Project Nighthawk: A Research Agent Built for Field Engineering

If you work in field engineering, you know the scenario. A customer is deploying AKS in a regulated environment. They hit an issue during node bootstrapping. They want to know exactly what happens when a node joins the cluster, which components run in which order, and whether the behaviour they’re seeing is expected. The question sounds simple. The answer is not.

The answer is spread across half a dozen places at once. It’s in the source code: AgentBaker, the node controller, cloud-provider-azure. It’s in a Microsoft Learn article that’s technically correct but three levels of abstraction above what actually runs on the node. It’s in the release notes buried in a changelog. It’s in the institutional knowledge of a teammate who worked on that feature and may or may not be on Teams right now. Assembling a reliable answer means pulling all of that together, reconciling it, and communicating it clearly, ideally in writing that someone else can use later.

That’s the job. And it doesn’t scale.

The knowledge required to do field engineering well grows faster than any individual can absorb it. Services change. Networking models evolve. Identity patterns that were best practice eighteen months ago have been superseded. The expertise exists in the ecosystem, in repos, in docs, in release notes, in the people who built the thing, but the cost of retrieving it, correlating it, and turning it into something actionable is high. And when you do find the answer, it usually lives in your head or a Teams thread that ages out in a week.

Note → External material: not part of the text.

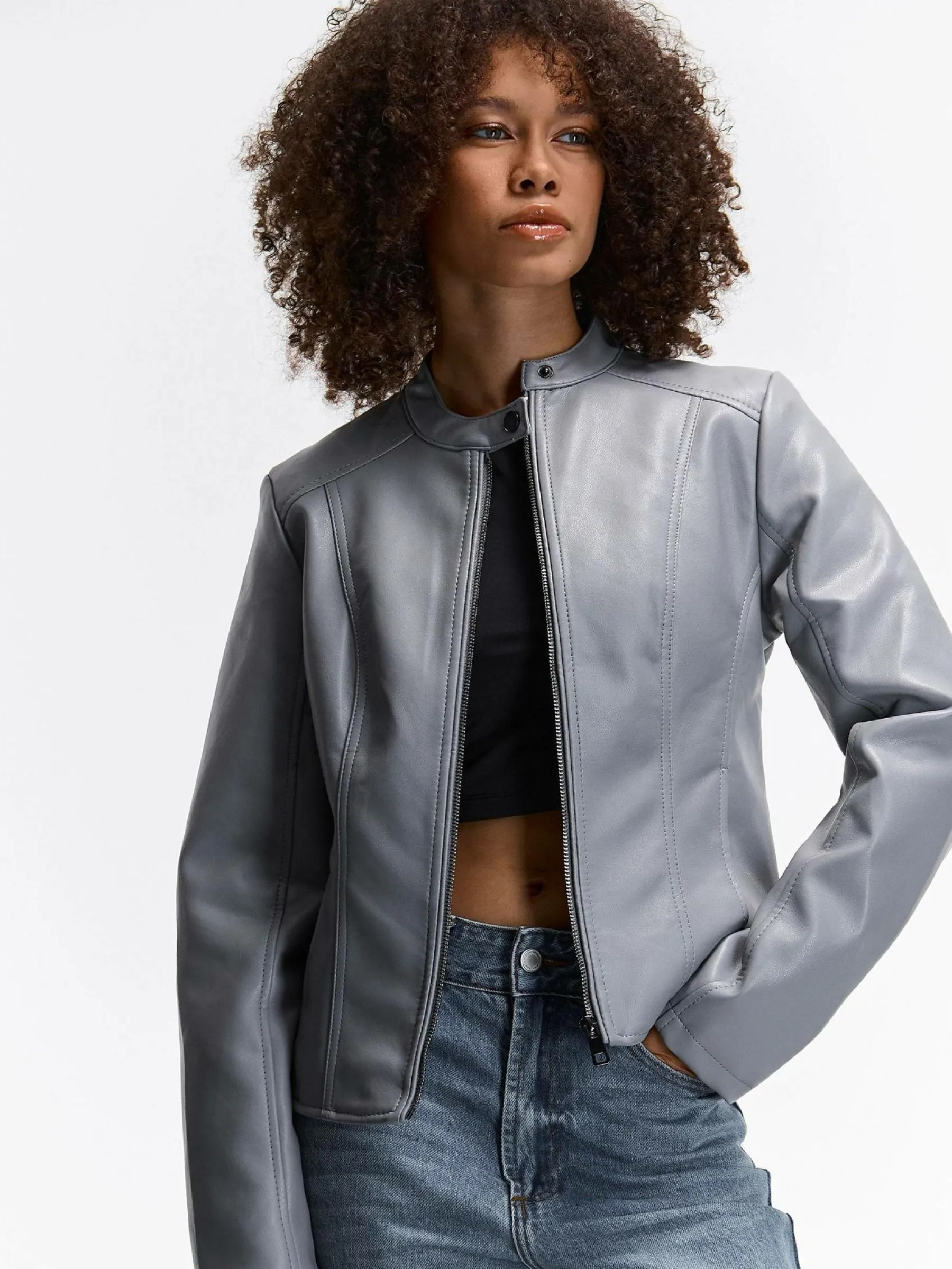 Kolor: szaryKrój: motocykloweTyp: kurtka przejściowaRekaw: długi rękawDługość: krótkiPattern style: pojedynczy k…
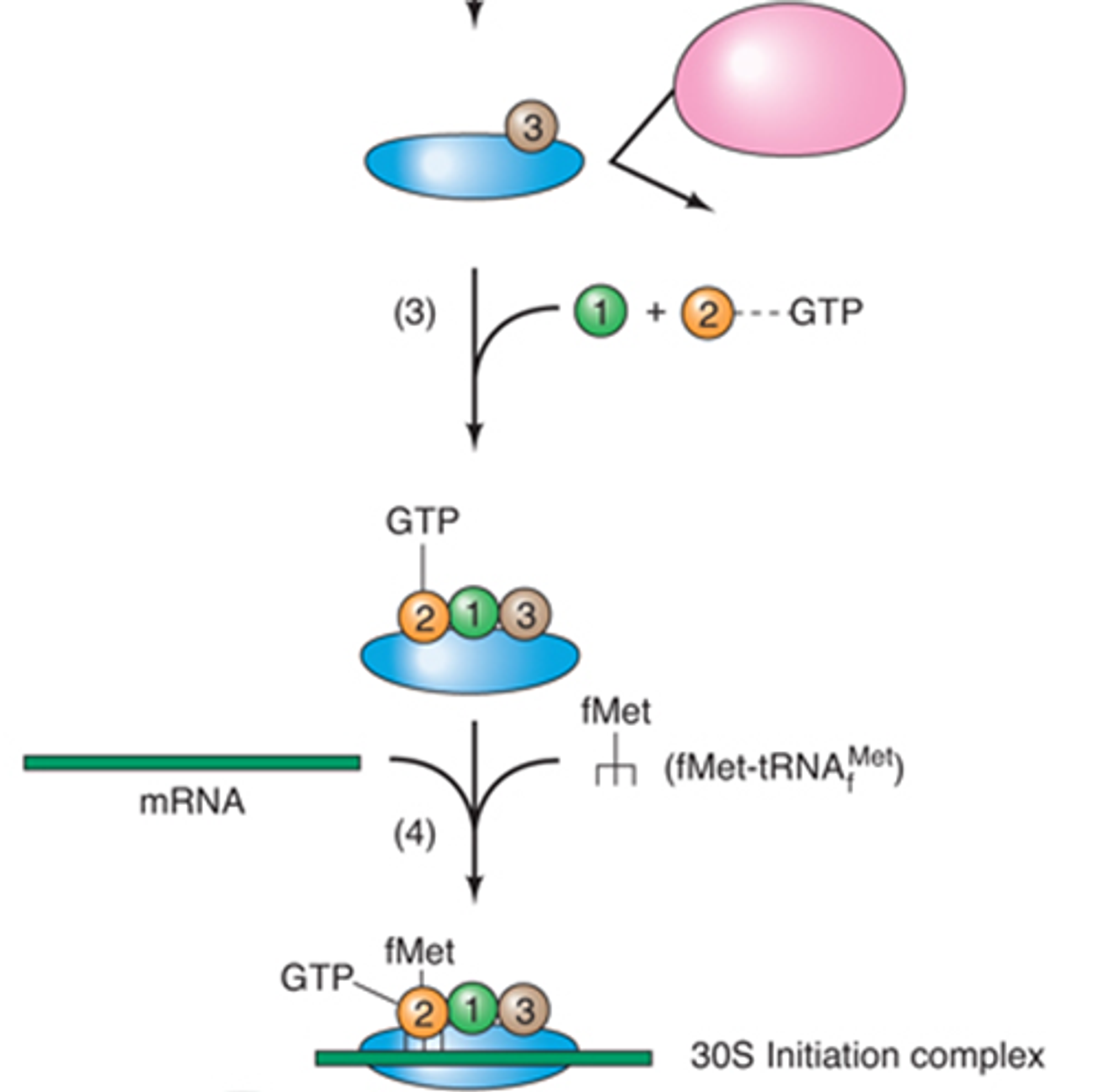 결국 이런 일련의 연구를 거쳐서 위와 같은 sequential한 과정이 밝혀졌음. 이 때 중요한 것은 30S initiation complex를 형성할 때 각종 factor, element들이 sequential하게 들어온다는 것임. 그 밖에 IF1, 2, 3가 모두 하나씩 모여서 30S initiation complex를 형성한다는 것도 기억해둘 것. (이런 개수와 관련된 정보는 stoichiometry를 측정해 알아냄)

Project Nighthawk is built to close that gap. Ray Kao and I built it specifically for our work as Global Black Belts: the AKS and ARO questions we field every week require a level of depth and precision that general-purpose AI assistants consistently fall short on.

What Nighthawk Is

Nighthawk is a multi-agent research system built directly inside VS Code with GitHub Copilot. The core idea is simple: field expertise is not just about knowing things, it’s about being able to retrieve, verify, and communicate the right things quickly. Nighthawk handles the retrieval and verification so you can focus on the communication and the judgment.

You ask it a technical question about AKS or Azure Red Hat OpenShift, and it produces a fact-checked, source-cited technical report in markdown. Not a summary of what a language model remembers from training data. An actual investigation: source code read, official documentation consulted, claims verified, findings written up. The kind of report a senior engineer would produce after two hours of focused research, delivered in a fraction of the time.

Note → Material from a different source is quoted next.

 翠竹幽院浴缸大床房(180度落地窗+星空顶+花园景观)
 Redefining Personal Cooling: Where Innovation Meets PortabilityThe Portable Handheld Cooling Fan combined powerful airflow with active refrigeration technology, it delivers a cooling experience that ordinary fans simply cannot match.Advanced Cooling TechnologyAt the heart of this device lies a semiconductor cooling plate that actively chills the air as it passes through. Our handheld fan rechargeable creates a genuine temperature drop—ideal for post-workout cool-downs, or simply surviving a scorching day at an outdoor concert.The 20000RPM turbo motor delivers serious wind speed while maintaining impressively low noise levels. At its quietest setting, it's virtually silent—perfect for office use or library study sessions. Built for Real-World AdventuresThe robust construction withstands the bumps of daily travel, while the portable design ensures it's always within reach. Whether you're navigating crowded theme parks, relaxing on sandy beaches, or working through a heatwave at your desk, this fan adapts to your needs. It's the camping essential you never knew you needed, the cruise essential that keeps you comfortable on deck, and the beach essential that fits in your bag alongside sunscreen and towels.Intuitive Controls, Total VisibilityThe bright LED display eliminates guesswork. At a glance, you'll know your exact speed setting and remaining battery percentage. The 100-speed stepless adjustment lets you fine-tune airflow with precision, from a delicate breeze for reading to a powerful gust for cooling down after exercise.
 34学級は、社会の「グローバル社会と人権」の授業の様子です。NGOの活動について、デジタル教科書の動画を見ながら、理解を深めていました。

The entry point is intentionally simple:

/Nighthawk How does AKS implement KMS encryption with customer-managed keys?

Behind that single command is a six-agent pipeline that classifies the question, researches it against live source code and official documentation, synthesizes findings into a structured report, and validates every claim before it lands in the notes/ directory.

The Problem with Asking AI to Research

Asking a language model directly runs into a predictable problem. LLMs are excellent at synthesizing patterns from training data, but Azure is a moving target. Source code changes. Features ship. Behaviors differ between versions. A model trained six months ago may confidently describe a code path that was refactored in the last release. For general background knowledge, this is usually fine. For the kind of precise, version-specific, behaviorally accurate answers that field engineering demands, it is not.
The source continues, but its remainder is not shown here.